Nascido em um lar marcado pela presença do pai, o pracinha da Força Expedicionária Brasileira (FEB) Antônio Mattogrosso Pereira, Ney conviveu desde cedo com a hierarquia, o rigor e a itinerância típicos da vida militar. O pai combateu na 2ª Guerra Mundial, serviu na recém-criada Força Aérea Brasileira e se aposentou como tenente, colecionando medalhas nacionais e estrangeiras.
O documentário não enfatiza as constantes mudanças de cidade que Ney vivenciou na infância, acompanhando as transferências do pai – uma experiência comum entre filhos de militares. Ainda assim, o ambiente de regras, exigências e disciplina marcou profundamente sua formação. Em entrevistas, o artista revela que a relação com o pai foi pautada por medo, e não respeito, e que as agressões físicas foram frequentes.

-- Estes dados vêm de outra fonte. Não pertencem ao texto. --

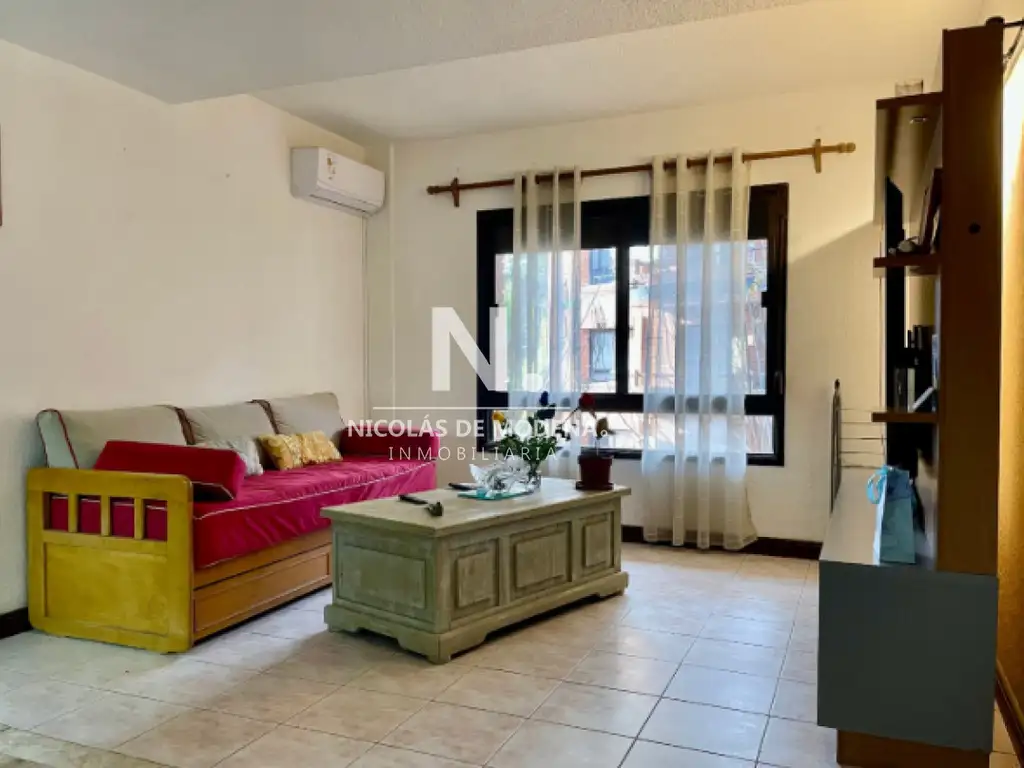 El living comedor se presenta como un espacio acogedor y luminoso, ideal para el descanso o la vida social cotidiana. La cocina bien equipada, de estilo moderno y funcional, cuenta con anafe, horno, microondas, heladera con freezer, campana extractora, y placares tanto en la cocina como en el dormitorio, brindando óptimo espacio de almacenamiento.

Apesar disso, Ney também serviu à Aeronáutica, no Rio de Janeiro, em 1959. Segundo o próprio cantor, a experiência não foi traumática. Pelo contrário: adaptou-se bem ao ambiente militar, justamente por já estar habituado a ele. E mais do que isso, encontrou ali algo que não tinha em casa – solidariedade entre os pares. Entre os colegas recrutas, formou laços que suavizaram a rigidez da caserna e até viveu um romance clandestino, em meio a uma atmosfera que, embora vigiada, permitia algum respiro para experimentações afetivas e sexuais.
Essa ambiguidade – o quartel como espaço de repressão e, ao mesmo tempo, de descoberta – exige uma leitura cuidadosa. O Código Penal Militar da época, por exemplo, ainda criminalizava práticas homossexuais em áreas sob administração das Forças Armadas, com penas previstas para “atos libidinosos, homossexuais ou não”. Esses trechos só foram retirados da legislação em 2015, por decisão do Supremo Tribunal Federal.
Hoje, ainda que não haja proibição formal à presença de pessoas LGBTQIA+ nas Forças Armadas brasileiras, persistem relatos de discriminação, invisibilidade e pressões informais. Casos envolvendo exclusões, deslocamentos forçados e dificuldades de acesso a direitos têm ganhado espaço na Justiça, em busca de reparações e reconhecimento. Nesse contexto, o relato de Ney, que viu no quartel um espaço de autoafirmação, contrasta com a experiência de muitos.
Mas talvez o maior legado da vivência militar para Ney Matogrosso tenha sido o domínio sobre sua própria imagem. A convivência obrigatória, a ausência de privacidade e os rituais coletivos, como os banhos em grupo e os exercícios físicos diários, prepararam o artista para se expor no palco sem reservas. Durante os anos com os Secos & Molhados, em que se apresentava quase nu, a segurança performática que exibia talvez tenha nascido naquele ambiente austero e controlado.
No filme e em sua trajetória, Ney aparece como alguém que aprendeu a impor limites e a cuidar de si e dos outros. A responsabilidade afetiva demonstrada com parceiros e amigos – como Cazuza, a quem acompanhou até o fim da vida – revela uma sensibilidade rara. Em tempos de HIV e estigmas, Ney escolheu o caminho do afeto, da solidariedade e da coragem, valores que raramente associamos à ideia tradicional de “homem com H”.
A masculinidade que Ney encarna não se constrói sobre força bruta, violência ou repressão. É uma masculinidade que desafia padrões, que resiste, que ama e que cuida. Talvez por isso faltem, hoje, homens com H: não os que morrem em guerras ou brilham como heróis de ação, mas os que ousam amar e viver com inteireza, mesmo em ambientes hostis.
Se, como disse o artista, o quartel lhe ensinou a lidar com o mundo, foi também no palco que ele o transformou. E num tempo em que ideologias autoritárias ressurgem e discursos de ódio voltam a ganhar força, Ney Matogrosso nos lembra que rebeldia também pode ser ternura, e que coragem é ser quem se é – mesmo quando o mundo manda calar.